4 thoughts on “Everything begins with “p”

  1. But we have different *words* for priors, likelihoods, and sampling distributions, and we frequently find it convenient to differentiate them (otherwise, different words would be unnecessary; they'd all be "distributions", as you say). Since notation is simply formalized language, what it the harm in differentiating them in notation too? As someone who has gotten used to the notation, it doesn't matter much, but it seems too strong to say that notation shouldn't depend on the role of the distribution, when the language you used clearly does.

  2. Stats notation, like most language, is highly context-dependent. You typically need to know the context to interpret the four different functions called p in p(a|b)p(b)=p(b|a)p(a).

    As a consequence, formulas can't stand on their own. Typically there are parameters simply elided; that is, p(b) is really shorthand for p(b|theta) where theta is some implicit model parameter.
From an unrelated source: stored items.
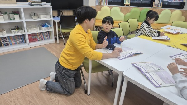 2교시(김병준): 1교시의 동화구연 내용을 토대로 학습지에서 저축에 관련한 내용을 정리하며 직접 적어보는 시간을 가졌습니다.
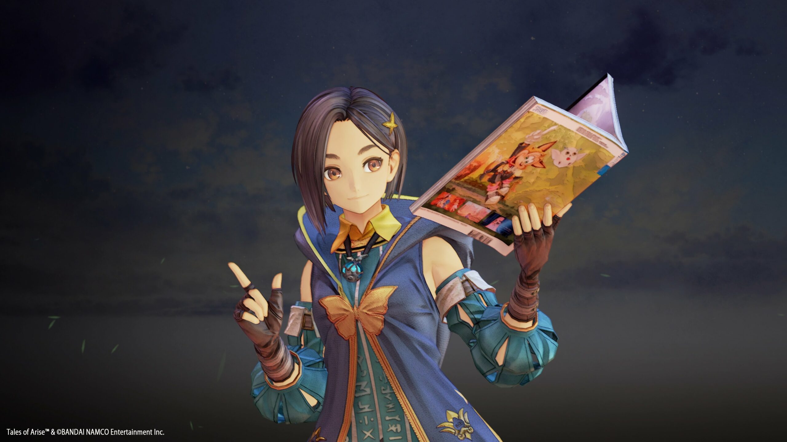 Auch normalerweise nutzt sie ein Buch als Waffe. Für sie wird es also keine große Umstellung. Dass der Waffen-Skin auch seinen Weg in den Westen findet, ist eher unwahrscheinlich. Aber man weiß nie! Bei Twitter zeigte der japanische Account zu Tales of Arise einige Screenshots der Famitsu „in Aktion“, die ihr nachfolgend seht.
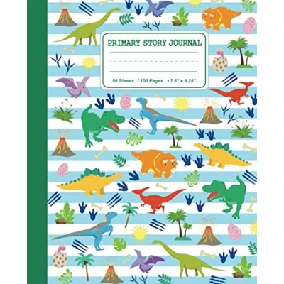 Primary Story Journal: Dinosaur Draw and Write Composition Notebook For Kids: Grades K 2 Creative Journal Handwriting Sketching
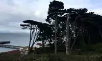 Afterwards, we went to a viewing point on the other side of the bridge to admire the Golden Gate Bridge from a different angle. The sun was out, but the bridge was shrouded in a thick layer of fog. I could only see the lowest part of the bridge, so I couldn't take a satisfactory photo of the Golden Gate Bridge. However, the nearby seascape was beautiful. The difference between the photos taken with and without the sun was huge.
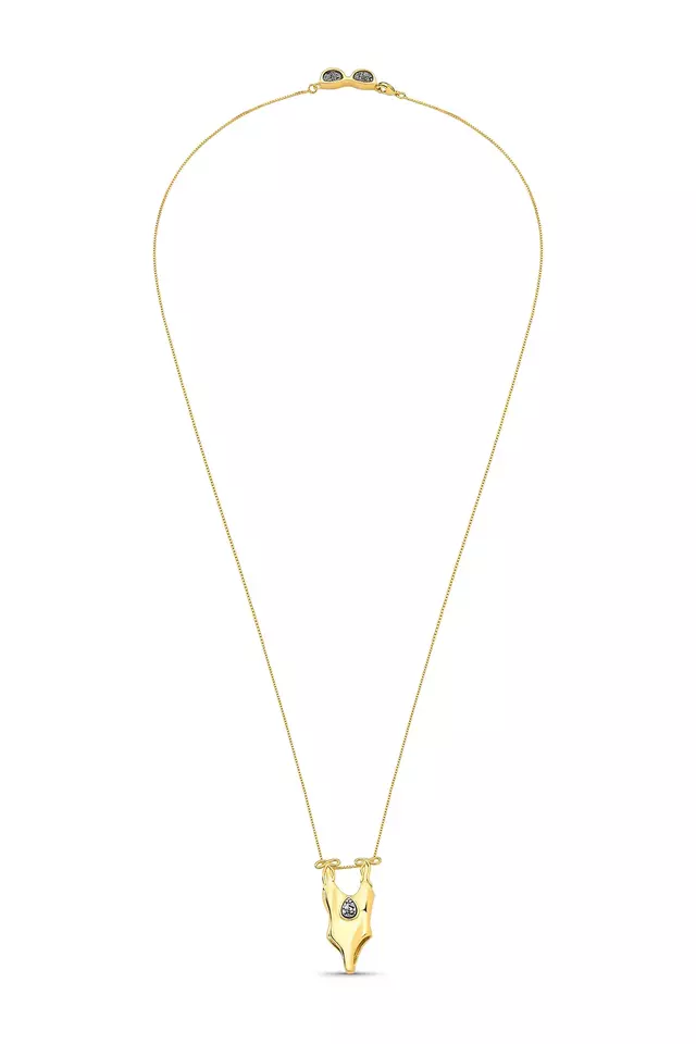 O Colar Verão Maria Dolores une alegria e sofisticação em peça folheada a ouro com malha veneziana, pingentes de óculos e mini maiô com pedras Drusa Metalizada, trazendo frescor e personalidade com elegância da coleção Dolce Tropicália.
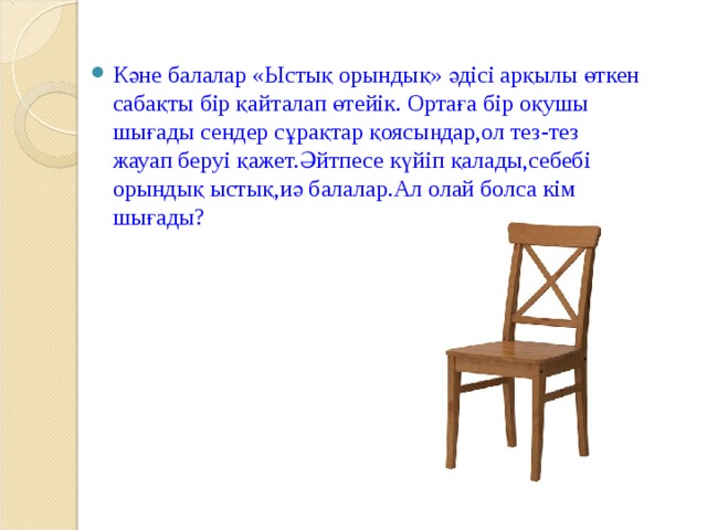 «Психологиялық жағымды ахуал қалыптастыру: - Көңіл күйлеріңіз қалай? - Керемет( қолдарын жоғары көтереді) Сабаққа дайындықтарың қалай: - Тамаша (алақандарын шапалақтайды) Үй жұмысын тексеру Тізбекті сұрау Бұл тәсіл логикалық тапсырмалар орындағанда қолайлы. Бір оқушы сөйлем бастайды. Мұғалім иегімен нұсқаған оқушы сөйлемді іліп әкетіп, ойды жалғастыруы керек. |
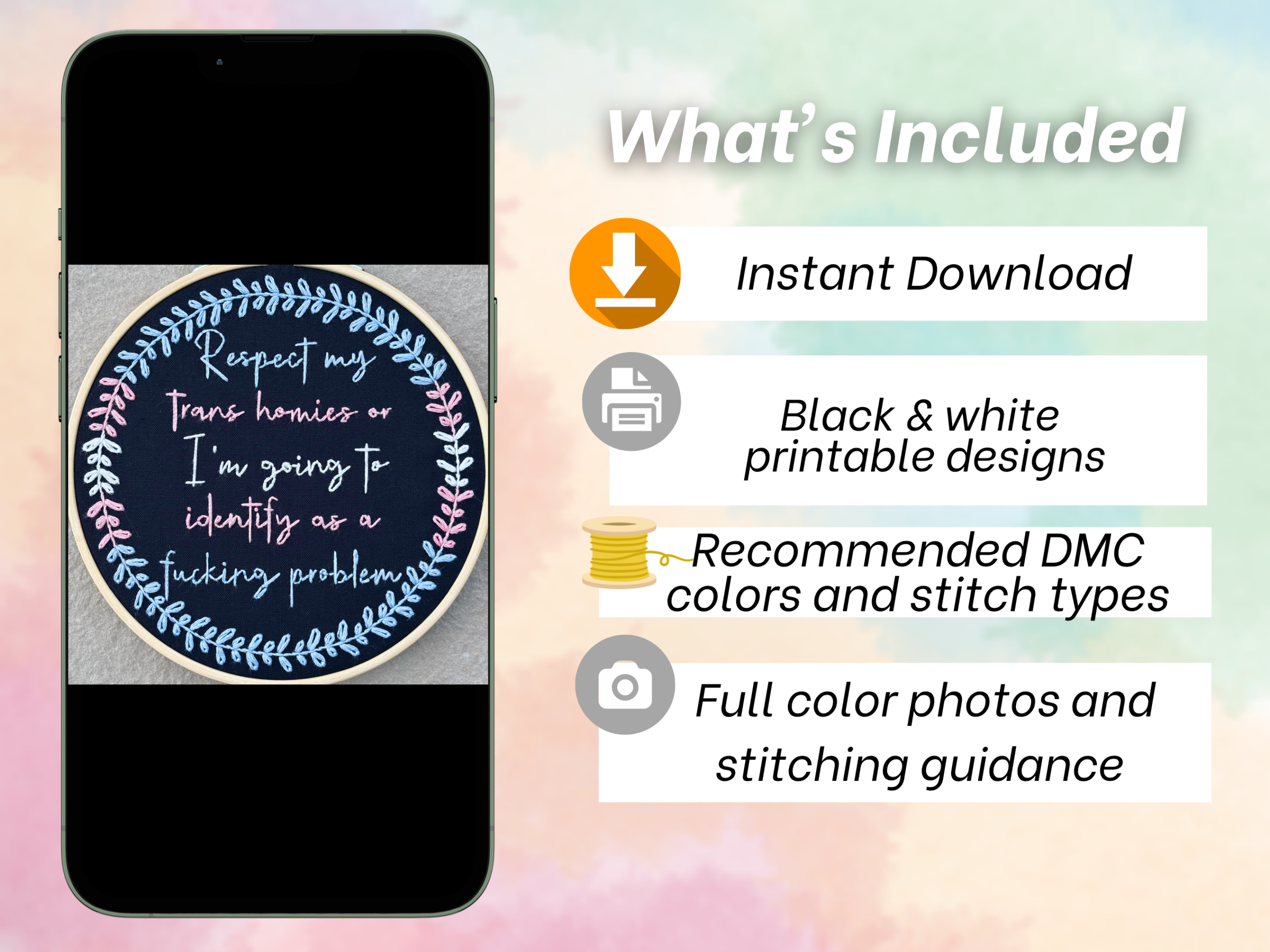 Trans Pride Hand Embroidery Pattern: LGBTQ+ Respect / Allyship Design (PDF Pattern)

    Vector notation is typically underspecified, with the same symbol (x or theta) being used for scalars and vectors (and sometimes whole matrices).

    Expectation notation gets confusing because it almost never indicates which variables are being integrated over which distributions.

    The problem is much more acute for novices. Once you know what you're doing, it's pretty obvious which variables are of which type and which distribution p refers to. They're the ones that make the formulas work out to be true.

    I find it much easier to undertand models presented in something like BUGS format, because it makes all the notation really explicit.

  3. I agree with you that all of these quantities are probability distributions, and find this unifying way of thinking of them helpful. But not all seem to agree. I've recently run across a new book in Bayesian reliability where the author insists on referring to P(T>t|lambda) as a chance instead of a probability, reserving probability for the marginal probability, P(T>t). I've also recently read an essay by a contemporary philosopher who insists that the likelihood is somehow different from a probability, yet uses Pr(O|H) for the likelihood of observation, O, given hypothesis, H. This is part of the reason I can't seem to extract much of value from modern philosophical writing.

Comments are closed.